THE FUTURE IS HERE

Dominic Martin: Artificial Moral Agency: Approaches, Benchmarks and Practices

Dominic Martin is a professor of ethics at the School of Management of the Université du Québec à Montréal (UQAM). His work combines approaches from ethics, contemporary political philosophy, economics, and law, to grapple with questions of distributive justice, the role of the state – and intergovernmental regulatory bodies – in shaping market structures and the ethical obligations of business. His recent research projects deal with the new ethical issues associated with the rise of artificial intelligence (AI) and the increase usage of algorithms in society, such as questions of algorithmic accountability, the creation of artificial moral agents, and the socio-economic impact of AI.

The goal of imparting moral agency to an automated system is directly or indirectly relevant in fields ranging from computer science to psychology, health sciences, governance, management and international politics. Artificial moral agency or agents (AMA) has been a topic of interest in computer science and engineering ethics for at least two decades, but recent developments in AI led to an explosion of new contributions on the topic. While this is promising, research on the topic has also become fragmented, and even speculative in some cases, with work discussing specific aspects of AMA without the emergence of dominant views, or clear debates or research questions.

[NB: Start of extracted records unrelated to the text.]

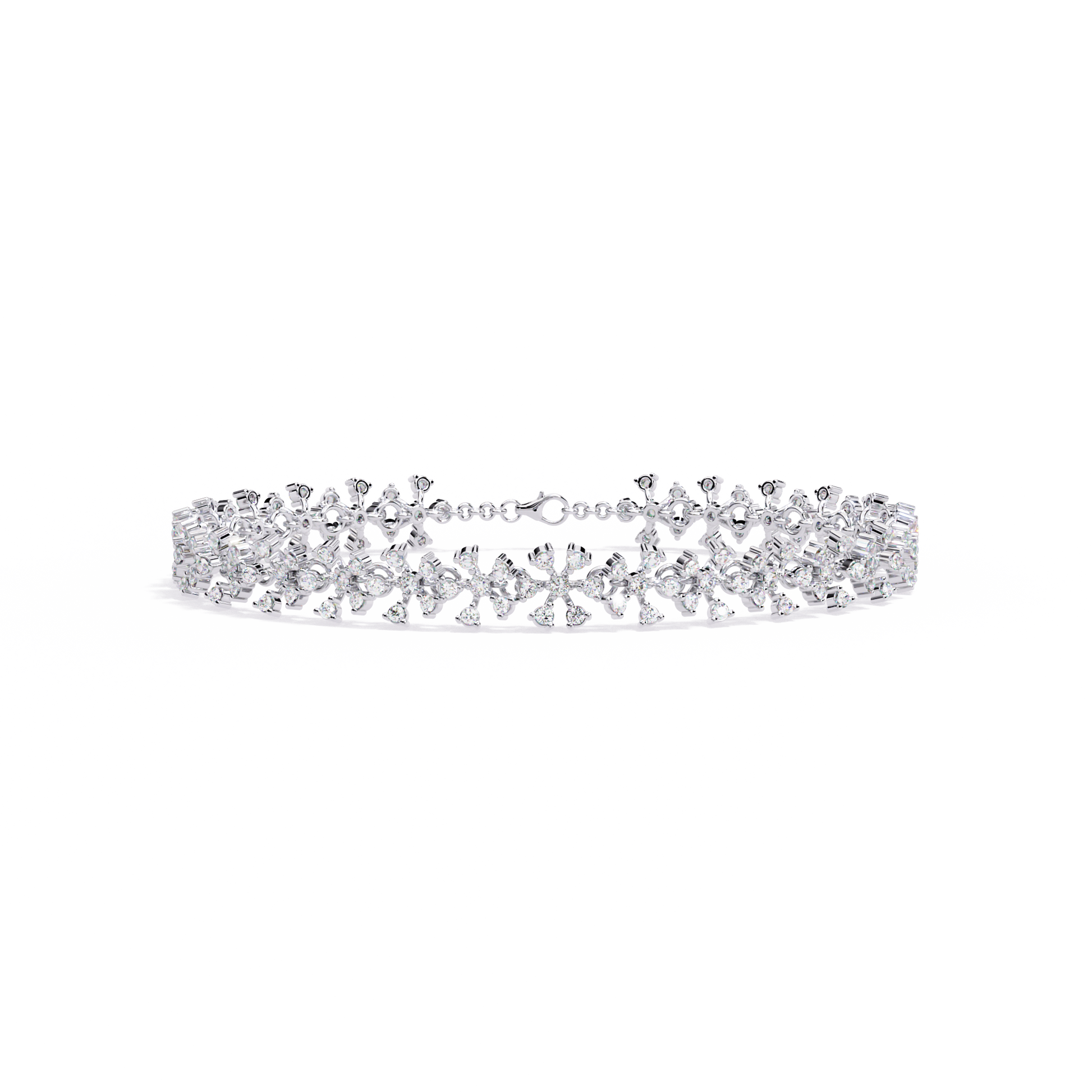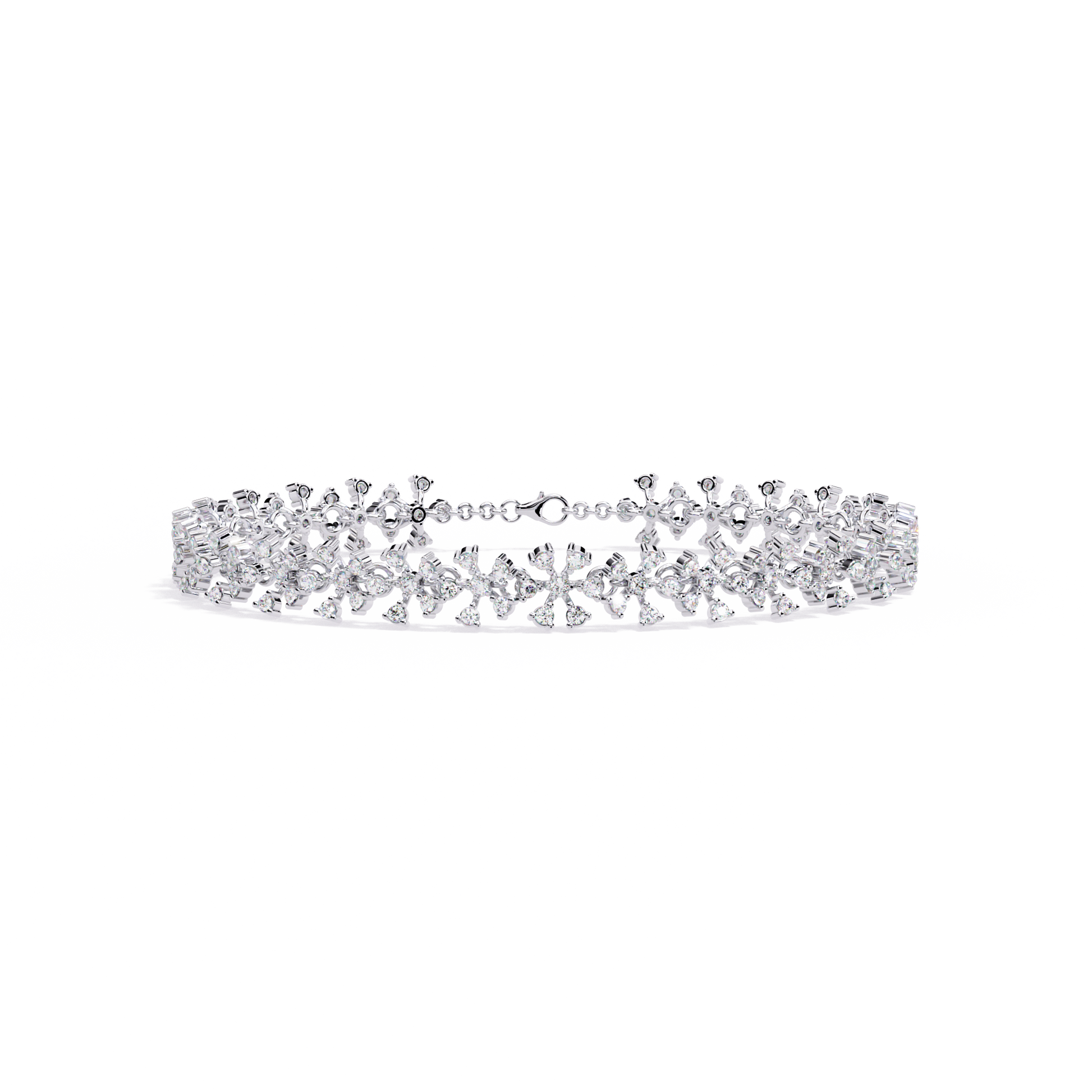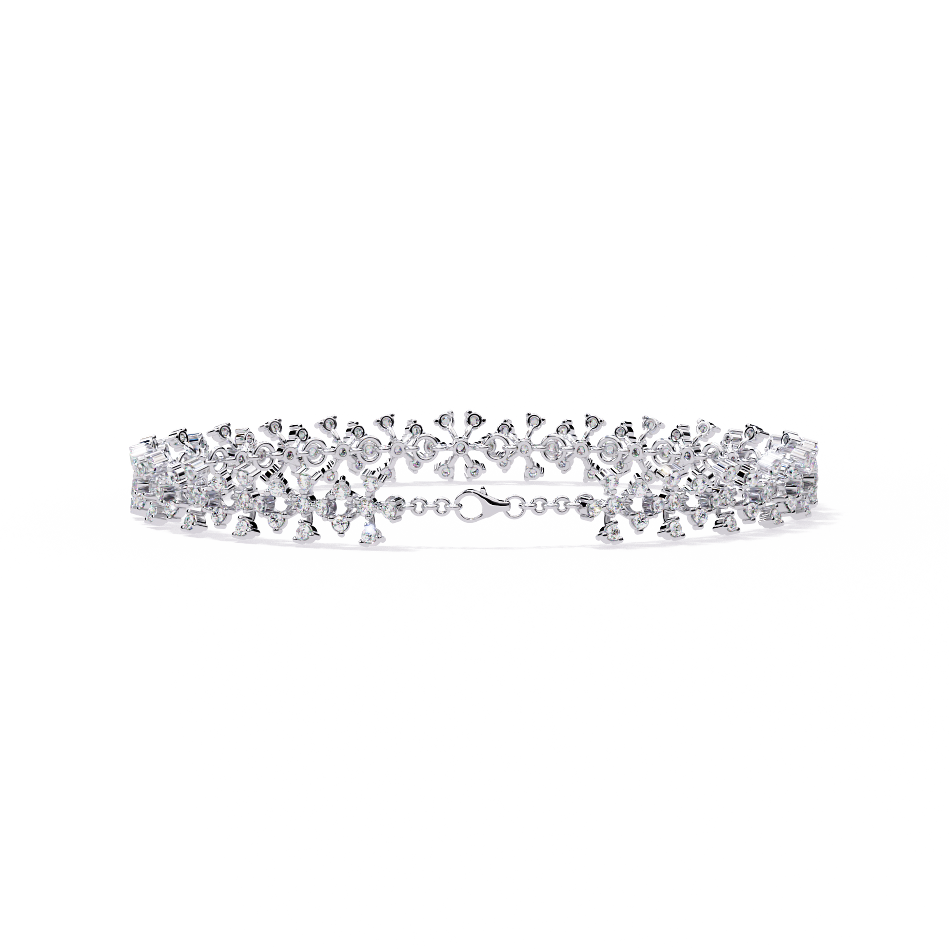 Celebrate timeless beauty with this antique-inspired flower14k solid white gold cluster tennis bracelet, delicately crafted for the modern bridal party. Each floral motif features top-grade 1.59Ct round-cut lab grown diamonds, intricately arranged in a shimmering cluster to create a graceful, vintage-inspired look.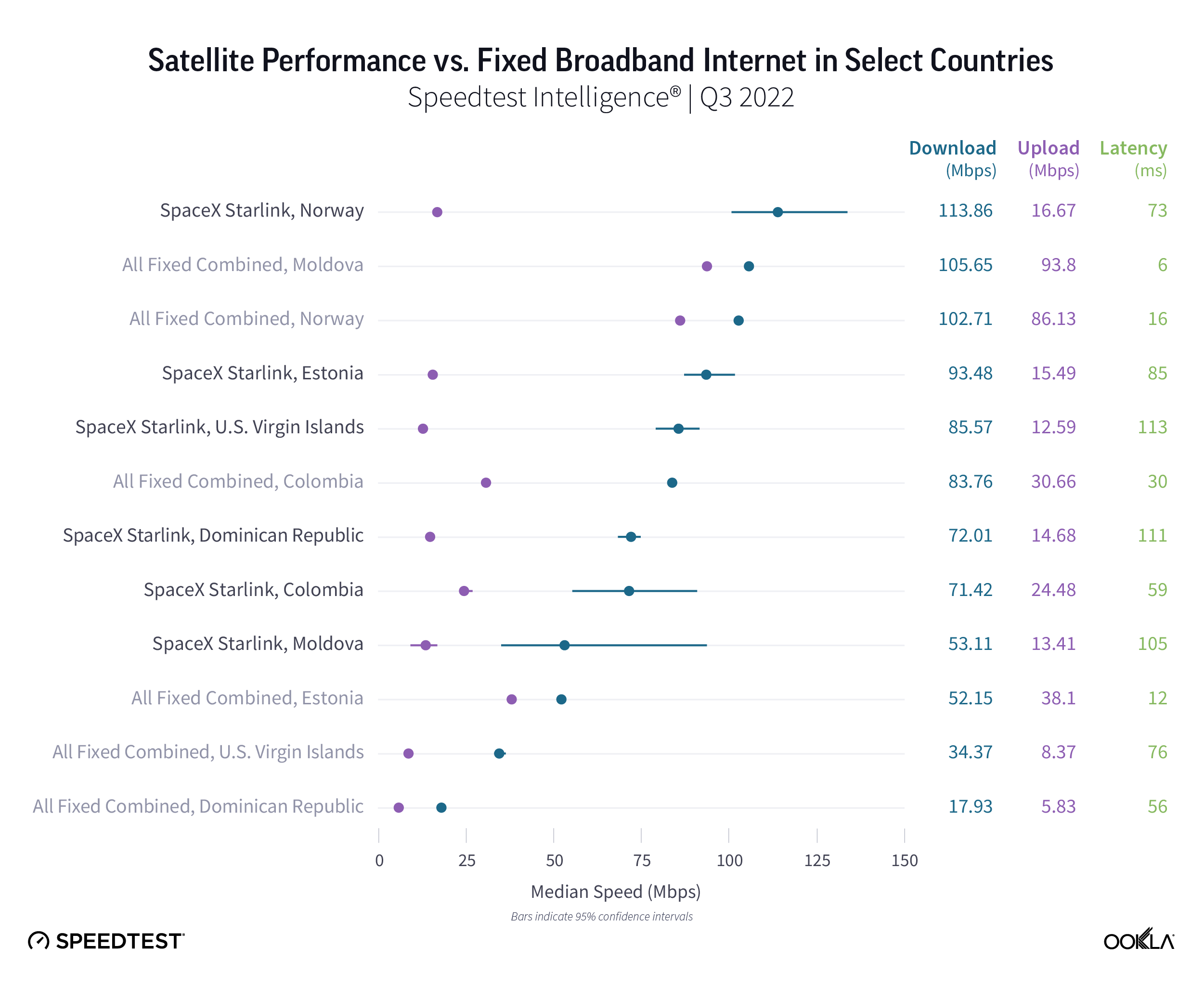 Speedtest Intelligence data shows Starlink data in six new countries during Q3 2022, including Colombia, the Dominican Republic, Estonia, Moldova, Norway, and the U.S. Virgin Islands. Starlink in Estonia (93.48 Mbps), the U.S. Virgin Islands (85.57 Mbps), and the Dominican Republic (72.01 Mbps) were much faster options than fixed broadband providers in their respective countries during Q3 2022. Starlink in Norway (113.86 Mbps) and Colombia (71.42 Mbps) were statistically in the same range as fixed broadband providers in their respective countries during the same time period. Starlink in Moldova (53.11 Mbps) was much slower than all fixed broadband providers combined (105.65 Mbps), though for rural folks with fewer options, still provides a speedy connection.
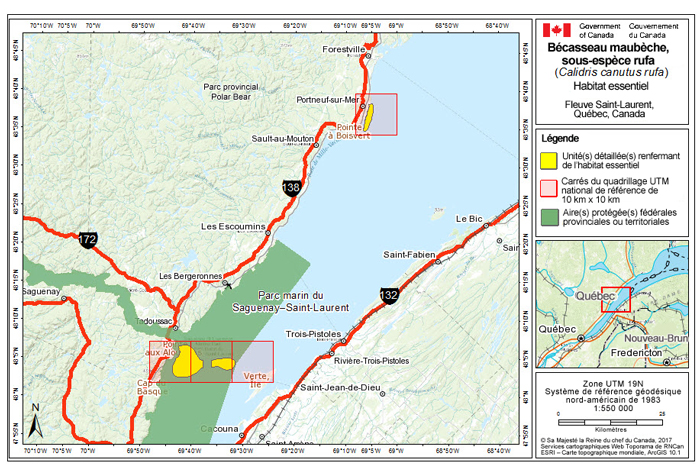 Le rufa est inscrit comme espèce « en voie de disparition », le roselaari comme espèce « menacée » et l’islandica comme espèce « préoccupante » à l’annexe 1 de la Loi sur les espèces en périf (LEP) du gouvernement fédéral. Le tableau 1 présente les cotes de conservation du Bécasseau maubèche. L’Ontario, le Nouveau-Brunswick, la Nouvelle-Écosse et Terre-Neuve-et-Labrador ont inscrit le rufa dans leurs lois sur les espèces en péril respectives. Au Québec, le rufa est inscrit à la Liste des espèces de la faune vertébrée susceptibles d’être désignées menacées ou vulnérables. Cette liste est produite aux termes de la Loi sur les espèces menacées ou vulnérables (RLRQ, chap. E-12.01). L’islandica et le roselaari ne sont inscrits dans aucune loi provinciale ou territoriale relative aux espèces en péril.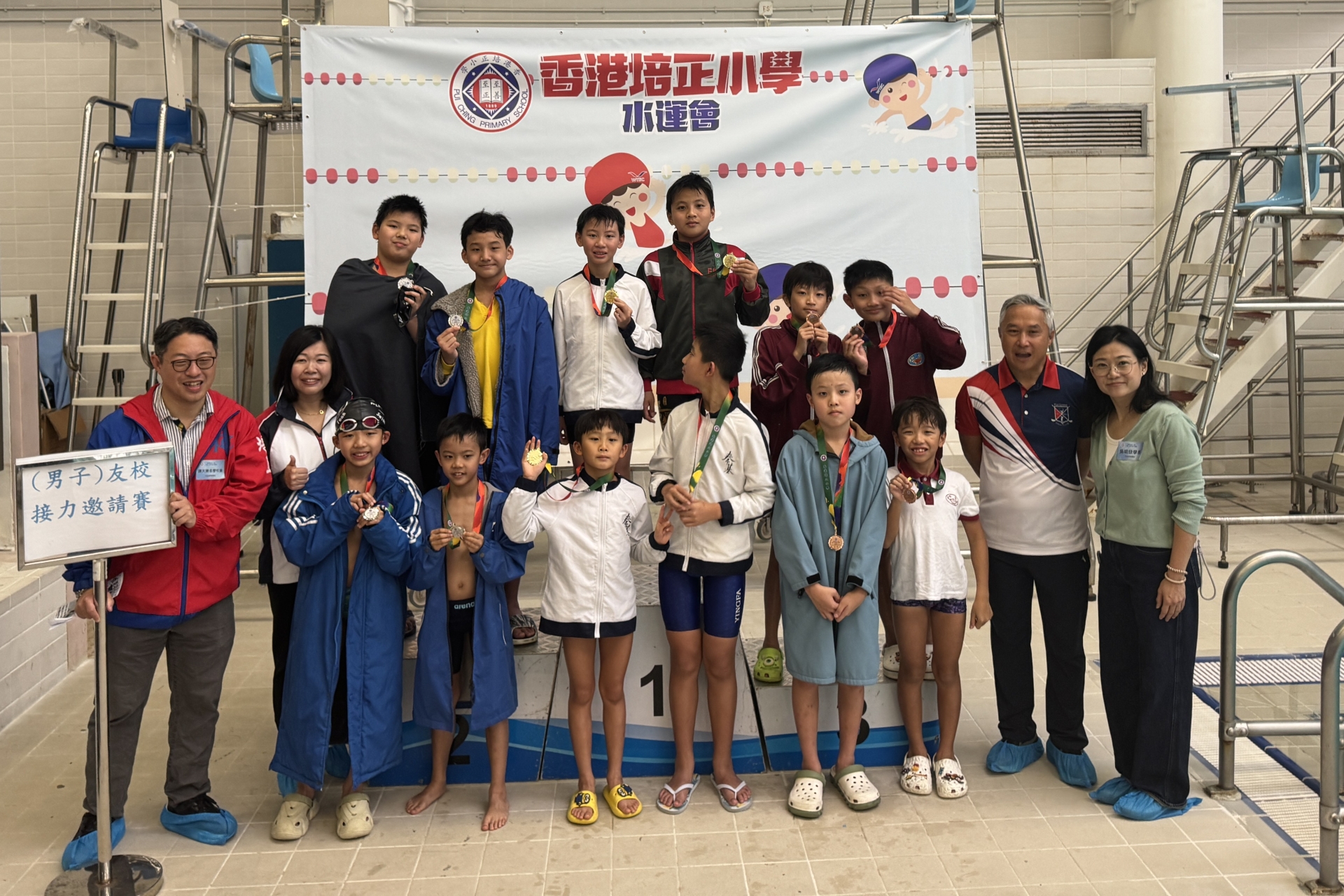 同學 參與 香港培正小學水運會友校接力邀請賽 奪得 邀請賽男子4X50米自接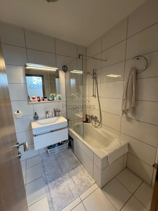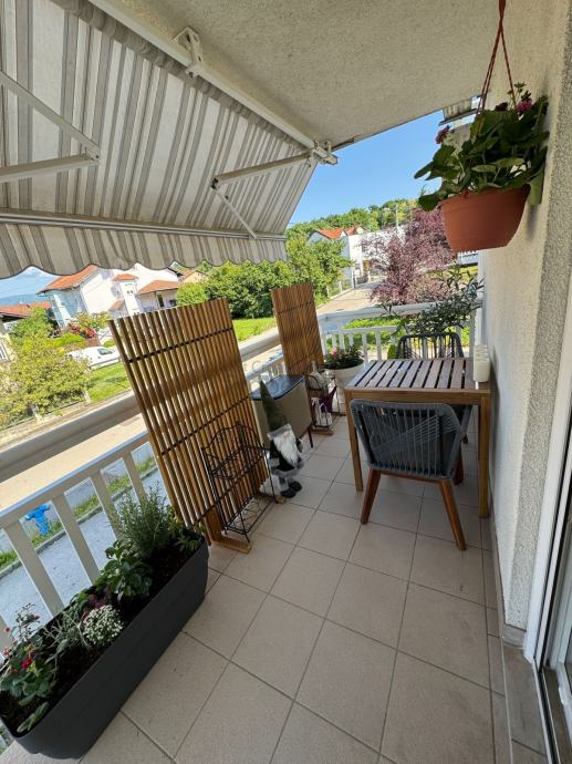 Stan ima 78m2 i sastoji se od ulaznog prostora, dnevnog boravka s kuhinjom i blagovaonom, dvije spavaće sobe, kupaonice i velikog balkona.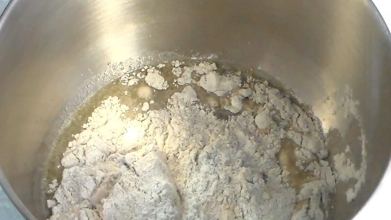Wlej olej roślinny i serwatkę podgrzaną do temperatury pokojowej do miski do ugniatania. Następnie wlej sól i porcję przesianej mąki.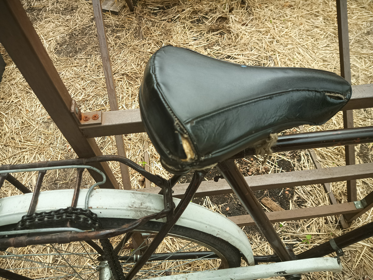 Родной чехол был уже изрядно потрепан жизнью. Благо на Озоне есть чехлы. В итоге цена вопроса (май 2025 г.) 380 руб. Чехол неплохой, кож. заменитель, но сам пошив на 3 с минусом. Подошёл для советского велосипеда УРАЛ Удалось натянуть без проблем. Сначала в чехол укладывается «родная» поролоновая губка, благо она еще в хорошем состоянии. Само сидение нужно отчистить от грязи. Далее вставляем сиденье так, -сначала передняя часть сиденья вставляется в чехол, все расправляется - после этого уже одну боковую вставляем, расправляем и натягиваем чехол на другой бок. В итоге, получилось все без замачивания чехла в воде, как рекомендовали в интернете. Можно, вообще, заменить на новое сиденье, что я и сделал вначале - до перетяжки. Новое седло - это, конечно, кЕтайский кЕтай, металл мягкий, пришлось под гайки положить кузовные шайбы. В итоге, спустя 3 месяца катания решено, в скором будущем, заменить это недоразумение на родное перетянутое седло #сиденье для велосипеда урал #замена чех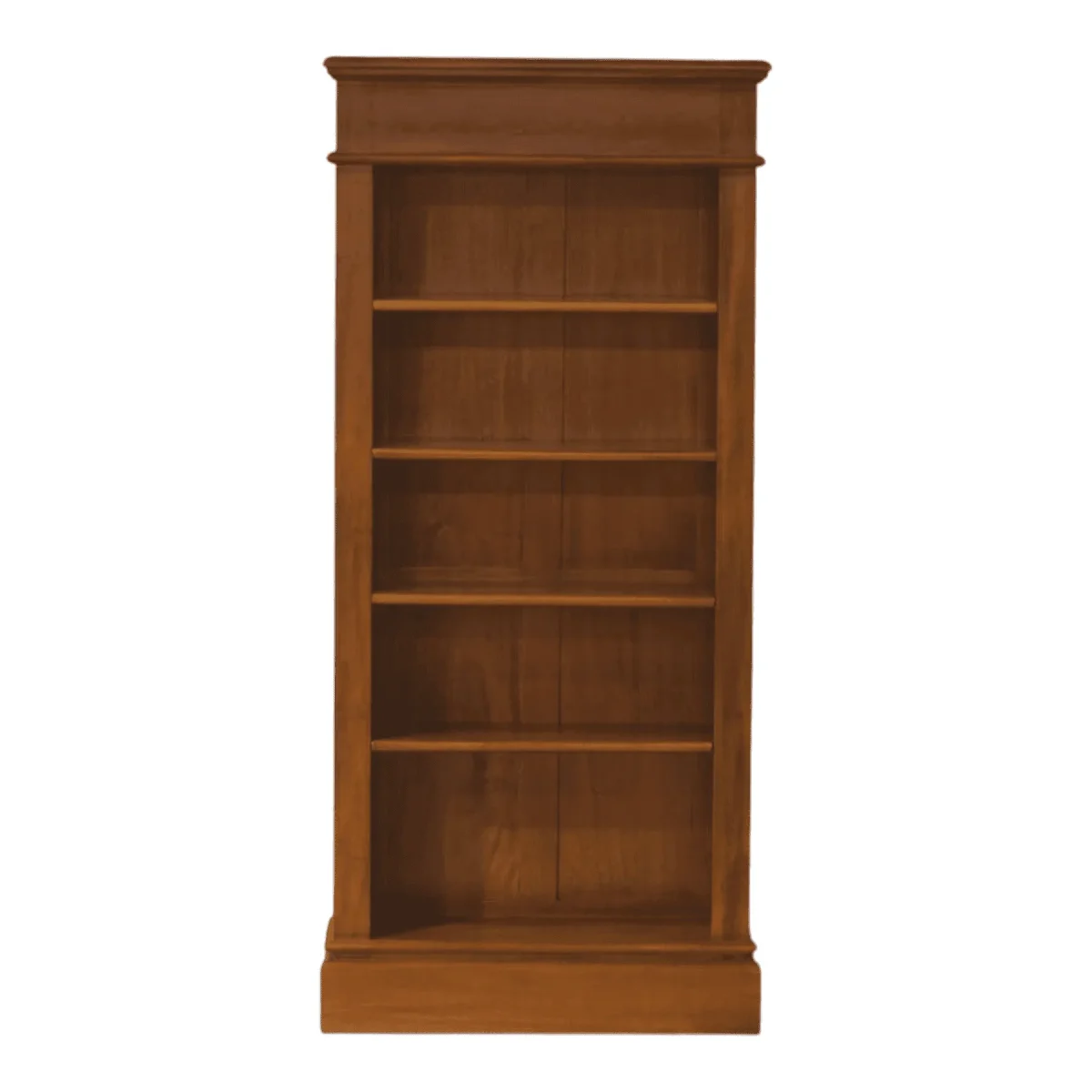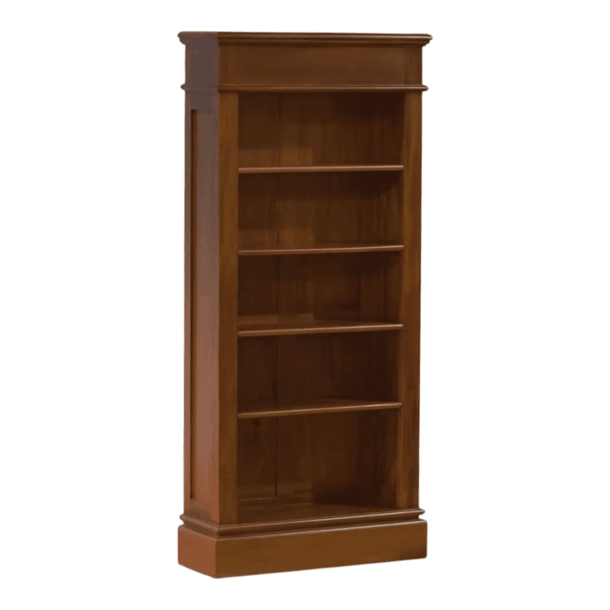 Organize your literary collection with the dignity it deserves in this tall stately bookcase Featuring five spacious shelves and a deep base this piece offers ample room for everything from heavy art books to delicate collectibles The crown molding and recessed side panels reflect a commitment to traditional woodworking techniques while the warm mahogany finish adds a layer of library-inspired sophistication Its narrow footprint makes it an excellent choice for hallways studies or living room alcoves where vertical storage is required without sacrificing floor space This is a piece built for the long haul designed to grow more beautiful as it collects the stories of your life

My main objective in this talk will be to take stock of the work on AMA accomplished in the last decades and examine three main questions from a philosophical perspective. First, what is the most promising approach for implementing moral agency in an AI system? Second, how to benchmark and test moral agency, especially given that systematic benchmarking does not exist for human moral agency. Third, what are industry best practices regarding the development and use of AMA?